Florida-based MSO Trulieve Cannabis Corp. recently announced its own attempt to get a 280E tax refund to the tune of $143 million.
Trulieve did not reveal its exact legal strategy but said that the company “believes it does not owe” the taxes.
In terms of preparing for the possible end of 280E under rescheduling, Ostrander suggested that marijuana companies keep “good books and records of your operations” and file tax returns on time.
Ostrander said he frequently sees tax compliance issues in the cannabis industry.
“I’m seeing, regularly, returns filed late, which results in significant penalties and interest. It results in the IRS knocking on your door to collect,” he said.
“I haven’t seen any companies closed down, although that’s within the government’s power to do.”

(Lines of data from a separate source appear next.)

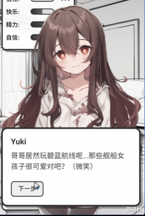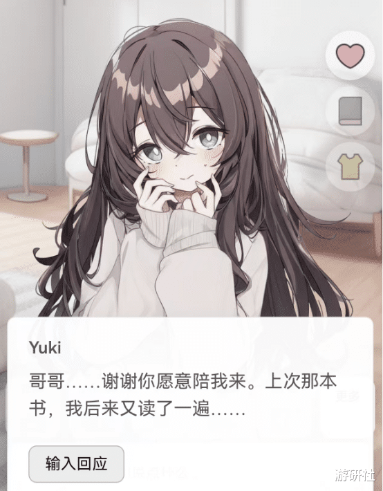 由于游戏的大部天职容都需要玩家手动输入,也即是说,你王人备不错施展我方的遐想力,将心里能意象的任何抒发、任何复兴,极其解放地剪辑成笔墨发给Yuki,而Yuki也会对你说的话作念出复兴,并触发之后的内容和剧情。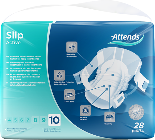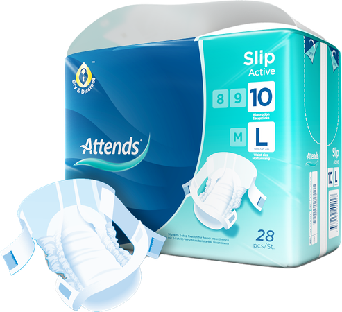 Attends Slip Active is ontworpen voor de gebruiker die een actief leven leiden en toch behoefte hebben aan een optimaal beschermend product bij zware incontinentie. Door de speciale fixatie en pasvorm is het product nauwelijks waarneembaar onder normale kleding doordat de slip perfect aansluit op het lichaam.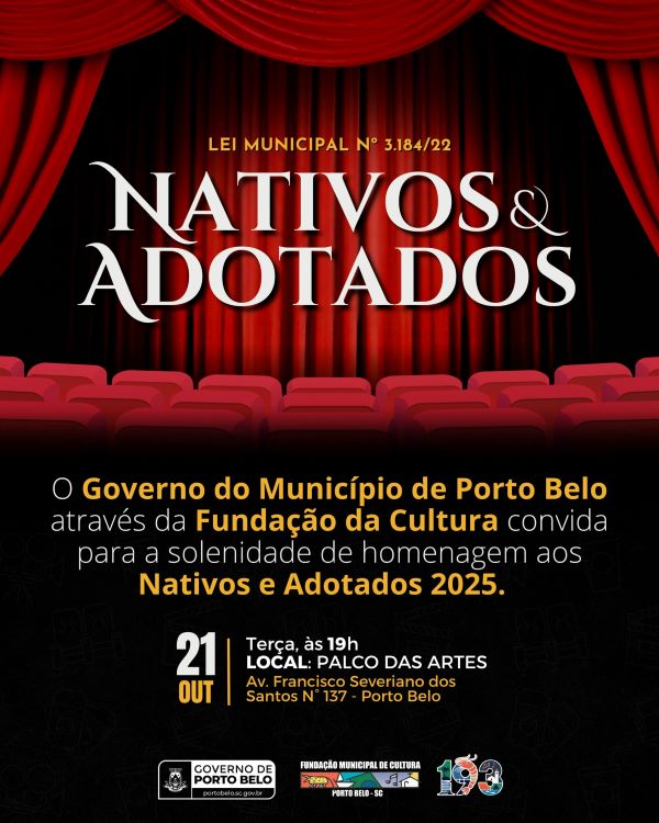 O Governo do Município de Porto Belo, por meio da Fundação Municipal da Cultura, realiza no dia 21 de outubro, às 19h, no Palco das Artes, a tradicional cerimônia Nativos e Adotados 2025, instituída pela Lei Municipal nº 3.184/22.

For companies with existing 280E tax liabilities, Ostrander advised weighing options for paying through an installment agreement, an offer in compromise or a partial-pay installment agreement.
“There are options out there to keep the wolf from the door, so to speak,” Ostrander said, adding that the IRS is much more powerful than normal creditors.
“If you’ve got a significant debt to the Internal Revenue Service, treat it seriously. Don’t let the mail go unopened, and act within the time frame that these notices provide for you to get relief or protection from bad things happening.”
In the meantime, Verano’s Miles recommended that cannabis operators preparing for the end of 280E taxation “tighten up the balance sheet, be very smart and conservative with your cash.”
“Because right now, the best operators are going to be the ones that survive,” he continued.
“And if you didn’t know how to run your business pre-SAFE (Banking) passage or pre-rescheduling to (Schedule) 3, then you’re most likely not going to know how to run your business after.”